With violence unrelenting, political pressure mounted for Prime Minister al-Maliki to show progress in bringing Iraq’s battling factions together.

President Bush acknowledged his frustration with Iraqi leaders’ inability to bridge political divisions yesterday, but said only the Iraqi people can decide whether to sideline the troubled prime minister.

“Clearly, the Iraqi government’s got to do more,”Mr. Bush said at the close of a two-day North American summit with the leaders of Mexico and Canada.

The Sept. 15 deadline for Bush’s next progress report to Congress is fast approaching, leaving the president little time to show that his American troop buildup is succeeding in providing the enhanced security the Iraqi leaders need to forge a unified way forward.

American Ambassador Ryan Crocker, co-author of the highly anticipated report to Congress, said Tuesday that Washington’s blueprint for reconciliation was insufficient to win back control of Iraq. Congressional benchmarks such as laws to share oil revenue and reform security services don’t tell the whole story, he said yesterday.

Mr. Crocker and the American military commander, General David Petraeus, may be heading into a storm of discontent as they argue before Congress that American troops need more time in Iraq.

Last week, a stunning suicide bomb attack killed as many as 500 people in northern Iraq, an attack blamed on Al Qaeda in Iraq.

Mr. Crocker called Iraq’s problems difficult but fixable, arguing for more time for his diplomacy and operations by the bolstered American military force.

“Failure to meet any of them (congressionally mandated benchmarks) does not mean the definitive failure of the state or the society,” Mr.
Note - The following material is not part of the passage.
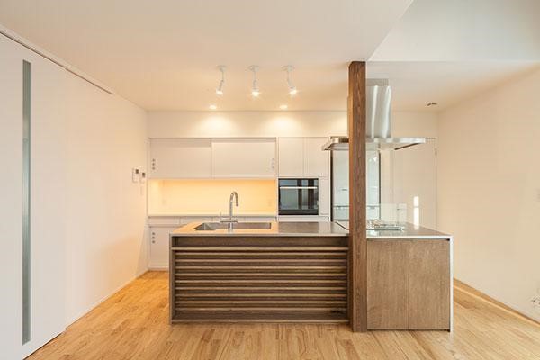 Nhà bếp nằm cạnh ngay phòng khách mà được xây dựng theo lối không gian mở đầy hiện đại. Với các vật liệu, vật dụng hiện đại đã làm nên một góc máy đẹp mà chúng tôi muốn giới thiệu đến mọi người cùng tham khảo. Ngôi nhà vừa được hoàn thiện nên chưa có nhiều đồ dùng nội thất bên trong, theo đánh giá chung thì đây là một không gian sống hoàn hảo cho những ai yêu mến sự tối giản trong hình thức tạo hình từ bố cục nhằm mang đến sự tiện nghi để mọi thành viên có thể nhận được.

Crocker said. “Conversely, to make them all would not by any means mean that they’ve turned the corner and it’s a sun-dappled upland from here on in with peace and harmony and background music. It’s just a lot more complex than that.”

He echoed Mr. Bush’s frustration with the lack of action by Mr. al-Maliki government’s on key legislative measures.

“Progress on national level issues has been extremely disappointing and frustrating to all concerned – to us, to Iraqis, to the Iraqi leadership itself,” Mr. Crocker said. But he added that the Shiite prime minister was working “in the shadow of a huge national trauma.”

While saying American support was not a “blank check,” Mr. Crocker said Washington would continue backing Mr. al-Maliki’s government “as it makes serious efforts to achieve national reconciliation and deliver effective governance to the people of Iraq.” He stressed that it’s not just al-Maliki, but “the whole government that has to perform here.”

Mr. Crocker acknowledged “a lot of violence” in southern Iraq, where bombers killed Muthana province Governor Ali al-Hassani on Monday and Governor Khalil Jalil Hamza in neighboring Qadasiyah province nine days earlier.

Both governors were members the Shiite political powerhouse, the Supreme Islamic Iraqi Council, led by Abdul-Aziz al-Hakim. His loyalists dominate police in Iraq’s south and are fighting Mahdi Army militiamen for dominance in the region, which may hold 70 percent or more of Iraq’s oil reserves, according to various estimates.